##### Material for the task

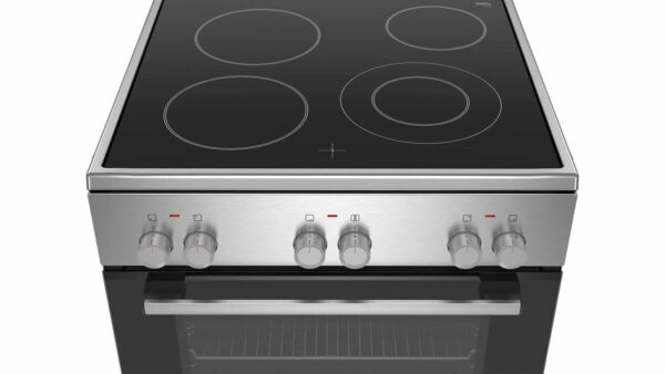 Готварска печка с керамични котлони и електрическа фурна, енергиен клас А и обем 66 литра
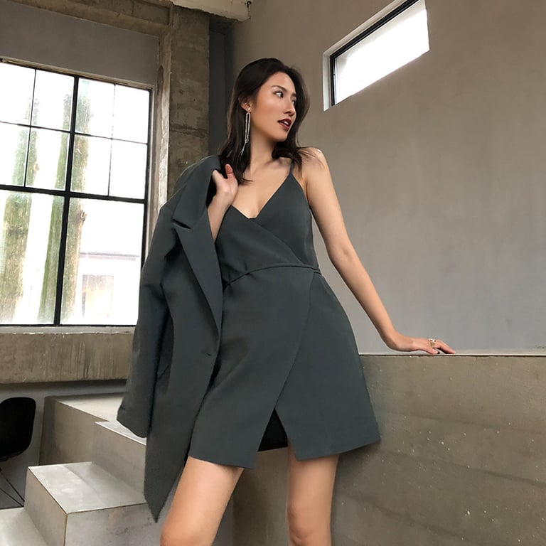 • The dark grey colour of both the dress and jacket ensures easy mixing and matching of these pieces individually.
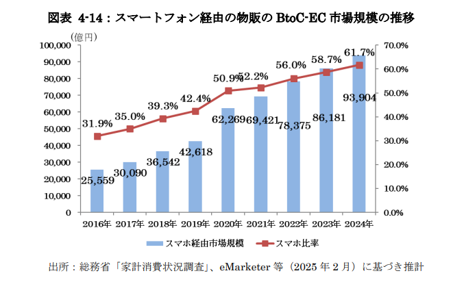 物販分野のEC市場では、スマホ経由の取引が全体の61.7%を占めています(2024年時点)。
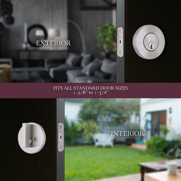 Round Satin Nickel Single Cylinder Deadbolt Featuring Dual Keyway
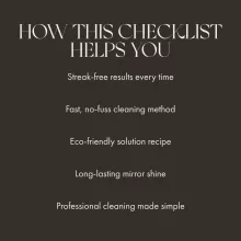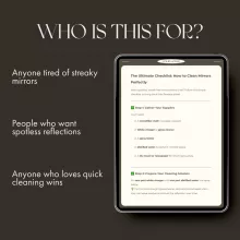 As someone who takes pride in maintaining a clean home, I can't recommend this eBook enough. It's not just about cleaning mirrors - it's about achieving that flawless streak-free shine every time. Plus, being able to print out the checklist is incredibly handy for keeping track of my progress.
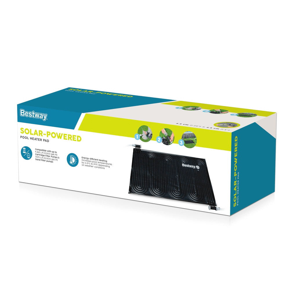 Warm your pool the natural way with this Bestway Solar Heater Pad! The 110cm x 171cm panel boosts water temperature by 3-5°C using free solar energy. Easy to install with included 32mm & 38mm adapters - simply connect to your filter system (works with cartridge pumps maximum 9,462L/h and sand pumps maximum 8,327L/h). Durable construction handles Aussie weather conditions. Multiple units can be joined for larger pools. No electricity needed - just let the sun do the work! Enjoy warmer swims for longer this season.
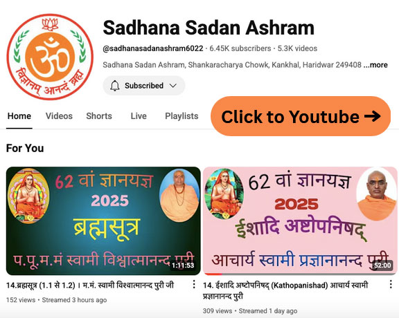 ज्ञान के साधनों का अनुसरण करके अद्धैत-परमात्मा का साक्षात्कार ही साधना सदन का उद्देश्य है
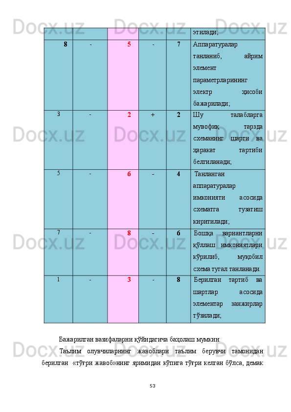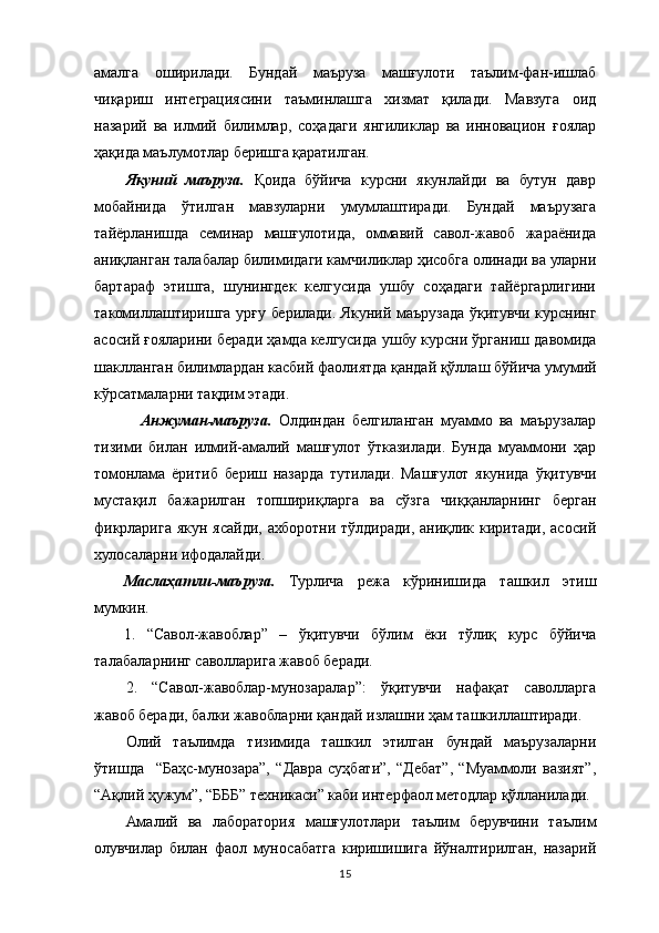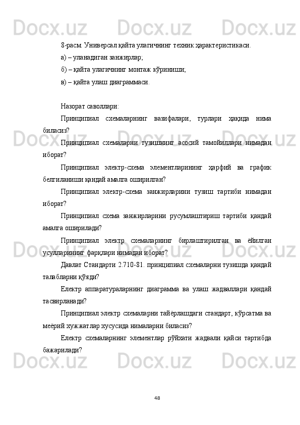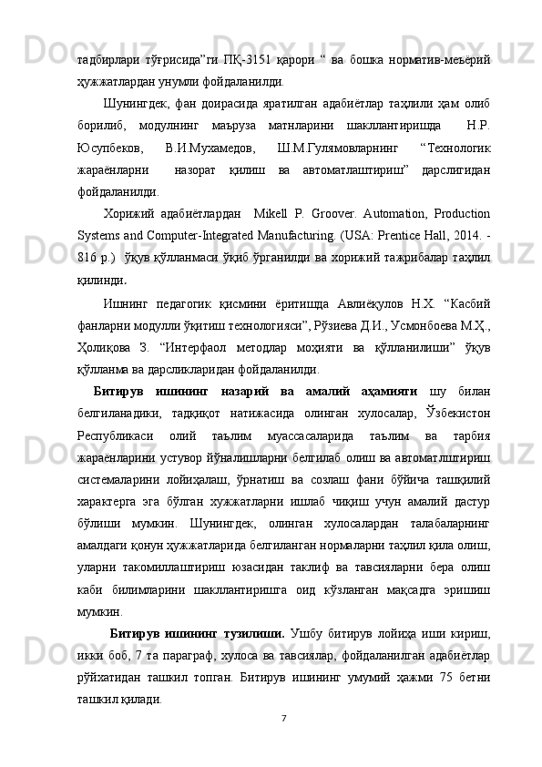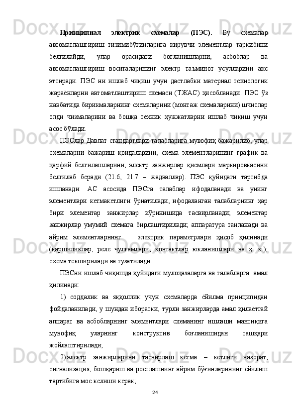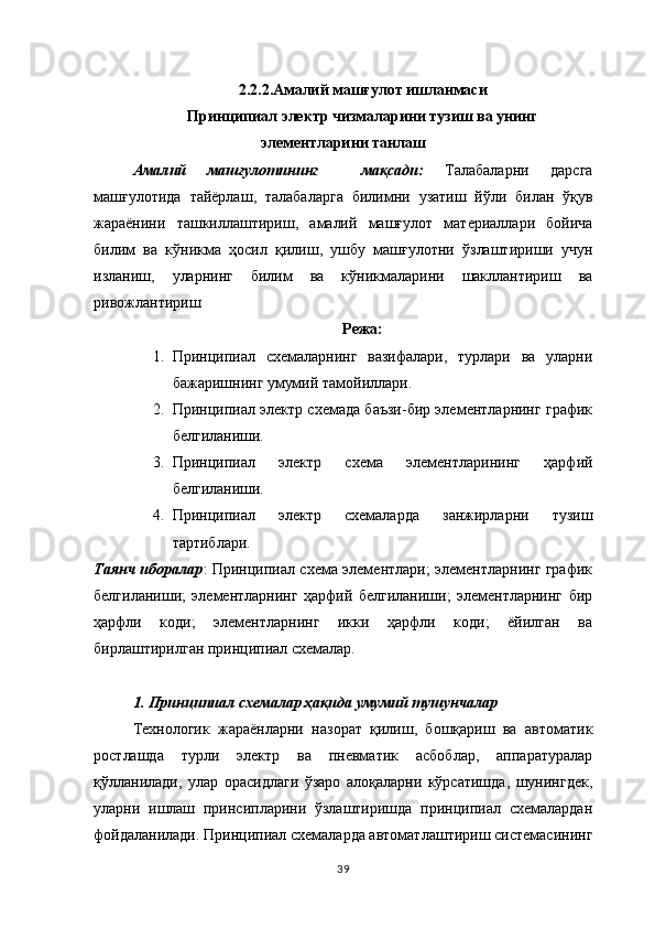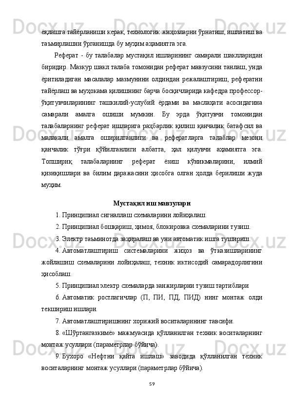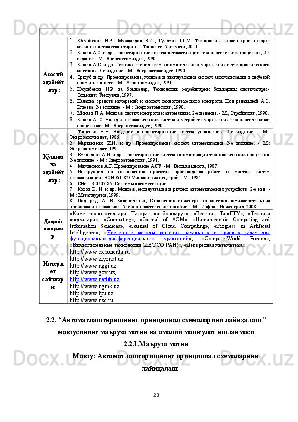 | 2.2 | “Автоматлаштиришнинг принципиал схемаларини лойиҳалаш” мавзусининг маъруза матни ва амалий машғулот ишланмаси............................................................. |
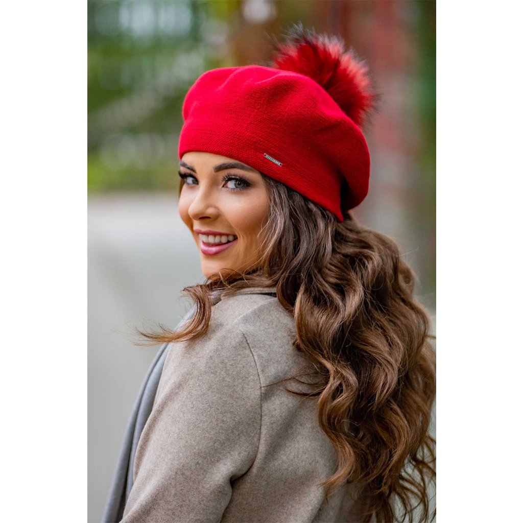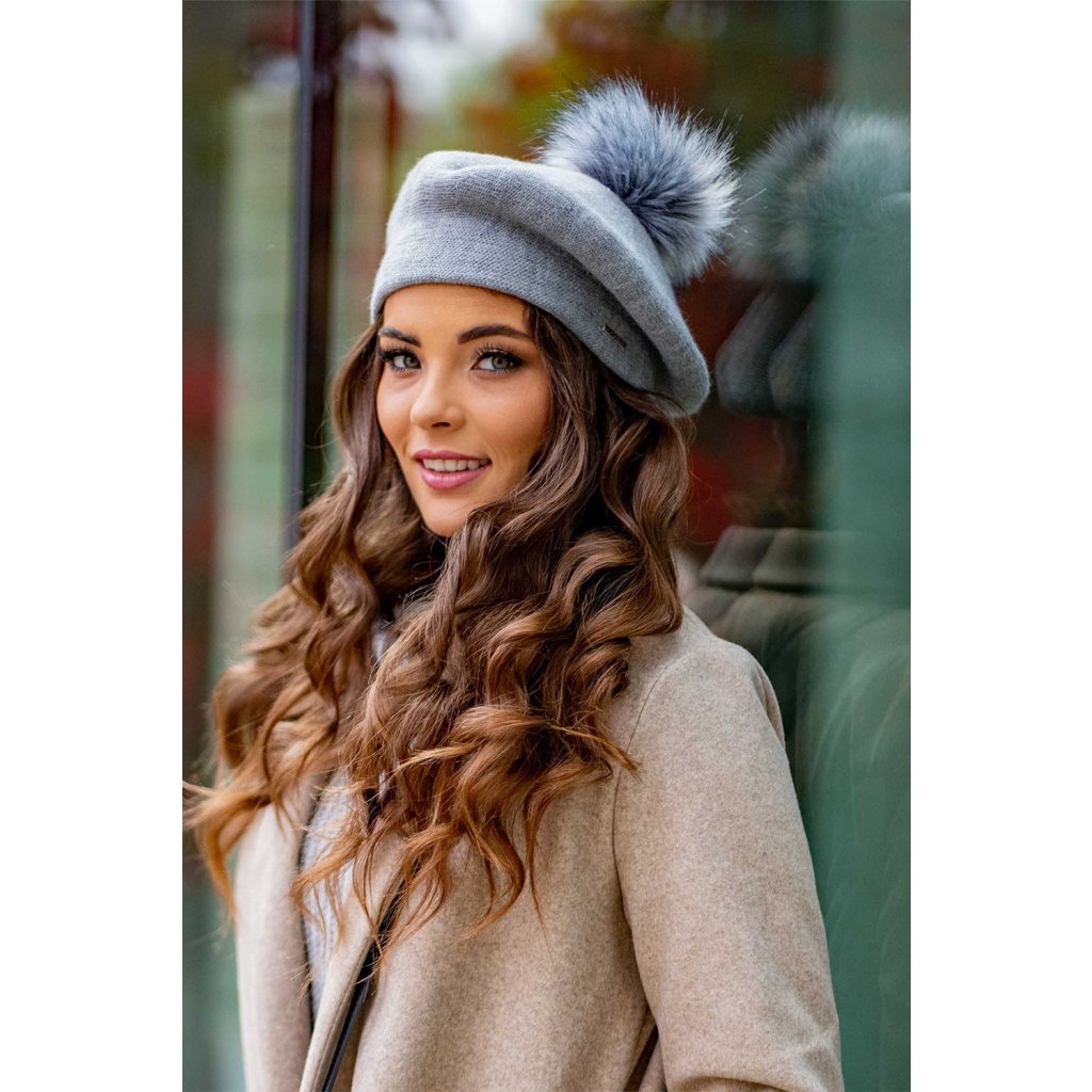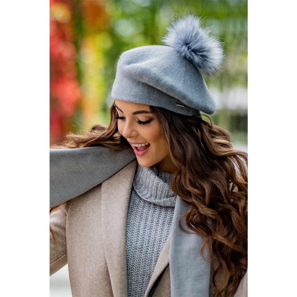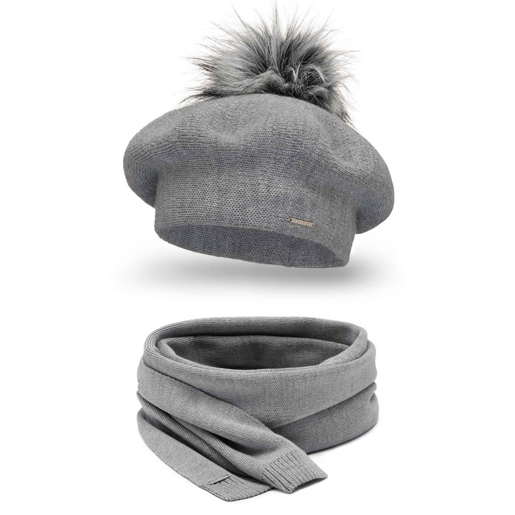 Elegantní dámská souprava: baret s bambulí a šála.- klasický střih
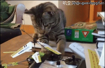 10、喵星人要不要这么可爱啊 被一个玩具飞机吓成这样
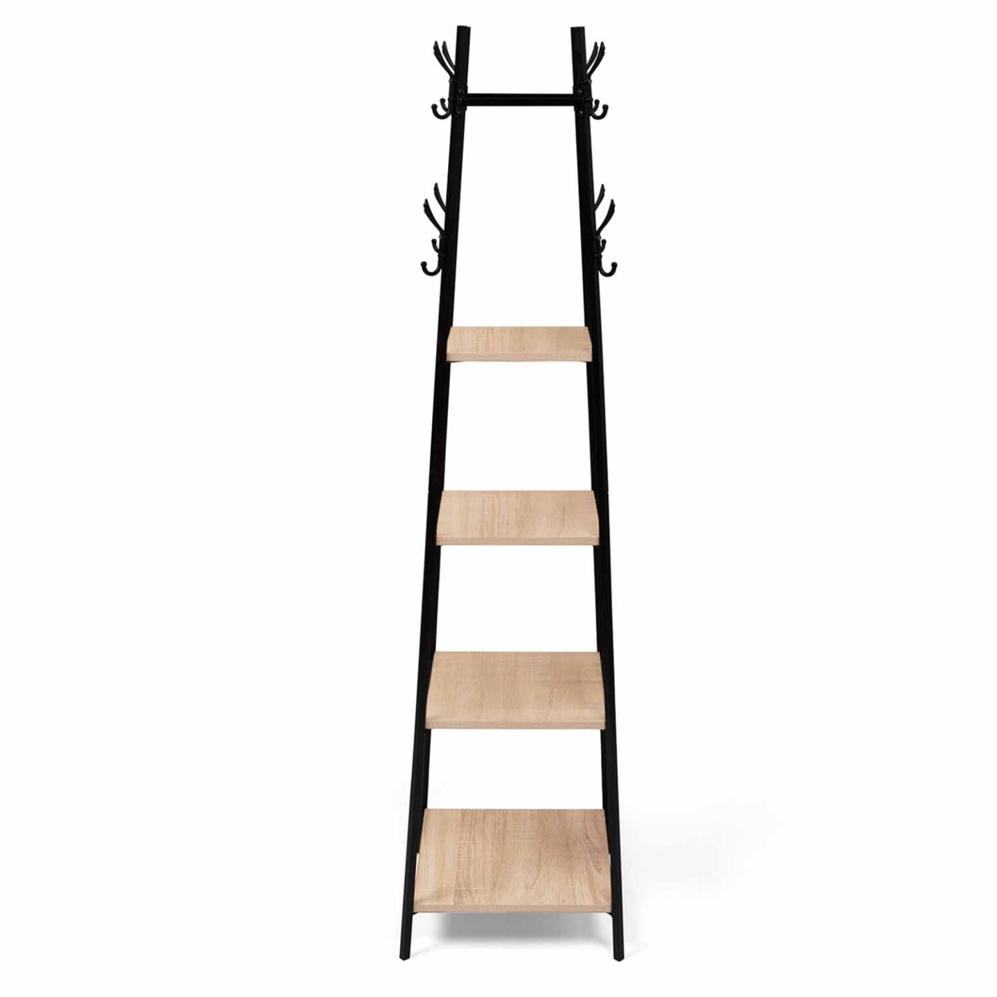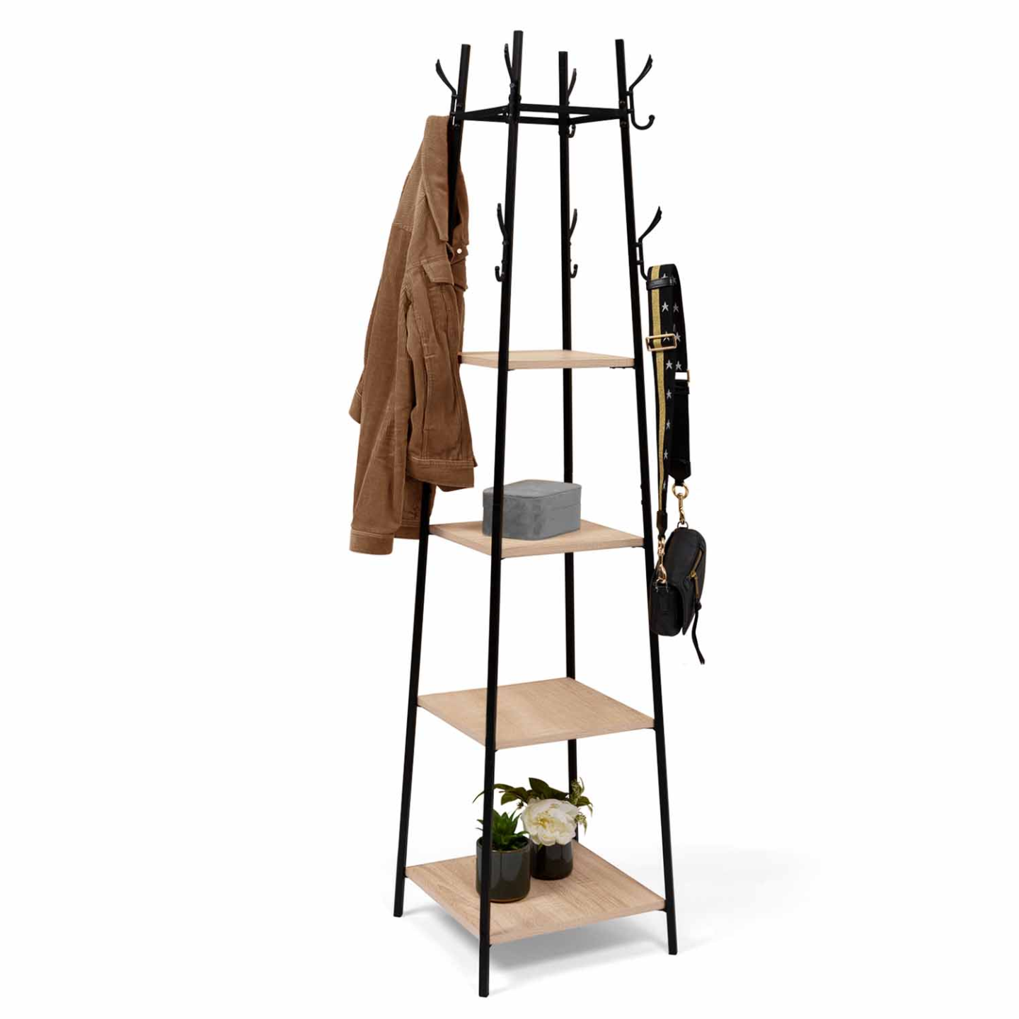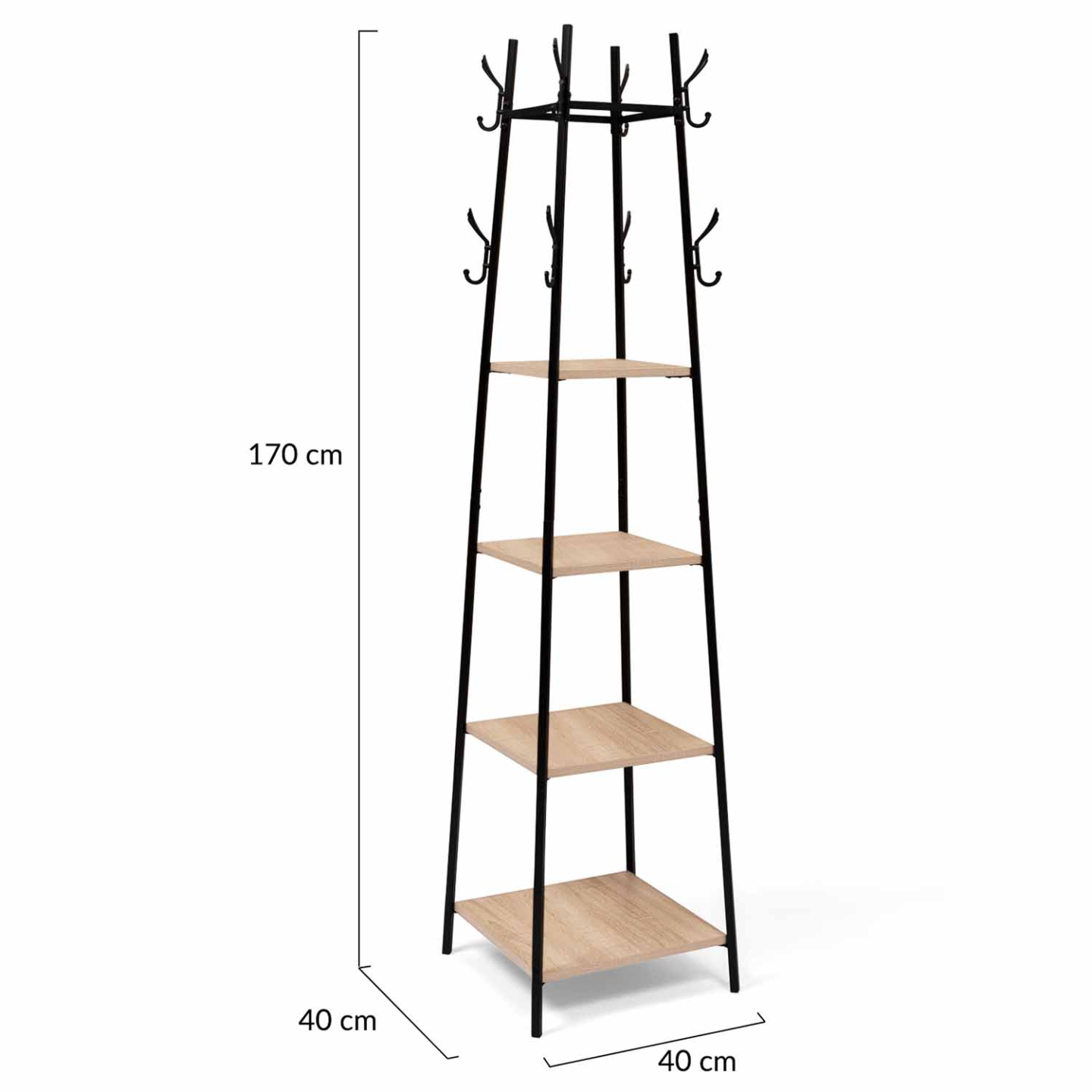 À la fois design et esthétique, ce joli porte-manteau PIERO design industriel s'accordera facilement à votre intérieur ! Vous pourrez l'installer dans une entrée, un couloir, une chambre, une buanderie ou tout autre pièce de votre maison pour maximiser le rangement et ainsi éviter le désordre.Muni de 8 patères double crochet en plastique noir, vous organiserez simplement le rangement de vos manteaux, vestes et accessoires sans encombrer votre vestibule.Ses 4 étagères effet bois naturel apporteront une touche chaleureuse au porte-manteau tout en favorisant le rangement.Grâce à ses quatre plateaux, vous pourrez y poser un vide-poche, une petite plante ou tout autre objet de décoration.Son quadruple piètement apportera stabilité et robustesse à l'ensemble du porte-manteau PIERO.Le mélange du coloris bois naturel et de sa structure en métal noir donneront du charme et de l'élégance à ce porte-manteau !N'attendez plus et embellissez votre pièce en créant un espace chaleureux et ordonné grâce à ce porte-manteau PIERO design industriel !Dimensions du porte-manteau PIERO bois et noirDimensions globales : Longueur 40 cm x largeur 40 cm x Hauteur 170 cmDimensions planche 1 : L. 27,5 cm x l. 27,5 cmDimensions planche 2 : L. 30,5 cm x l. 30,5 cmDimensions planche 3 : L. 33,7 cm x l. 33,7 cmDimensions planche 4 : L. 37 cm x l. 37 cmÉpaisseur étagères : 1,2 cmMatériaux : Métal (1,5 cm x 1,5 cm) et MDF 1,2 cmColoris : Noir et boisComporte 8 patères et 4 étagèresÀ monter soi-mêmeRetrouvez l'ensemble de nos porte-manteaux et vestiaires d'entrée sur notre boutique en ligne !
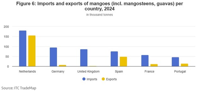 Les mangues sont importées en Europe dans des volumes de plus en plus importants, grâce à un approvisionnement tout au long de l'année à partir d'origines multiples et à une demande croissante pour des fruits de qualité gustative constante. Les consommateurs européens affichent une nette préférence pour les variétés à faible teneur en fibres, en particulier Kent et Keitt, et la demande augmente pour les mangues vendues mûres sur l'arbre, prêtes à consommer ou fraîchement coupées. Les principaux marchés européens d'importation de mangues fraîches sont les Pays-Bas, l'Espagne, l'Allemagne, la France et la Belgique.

##########

Reproduce, word for word, every line from the start of the records down to and including the line with "As someone who"; skip the pictures.

 Готварска печка с керамични котлони и електрическа фурна, енергиен клас А и обем 66 литра
 • The dark grey colour of both the dress and jacket ensures easy mixing and matching of these pieces individually.
 物販分野のEC市場では、スマホ経由の取引が全体の61.7%を占めています(2024年時点)。
 Round Satin Nickel Single Cylinder Deadbolt Featuring Dual Keyway
 As someone who takes pride in maintaining a clean home, I can't recommend this eBook enough. It's not just about cleaning mirrors - it's about achieving that flawless streak-free shine every time. Plus, being able to print out the checklist is incredibly handy for keeping track of my progress.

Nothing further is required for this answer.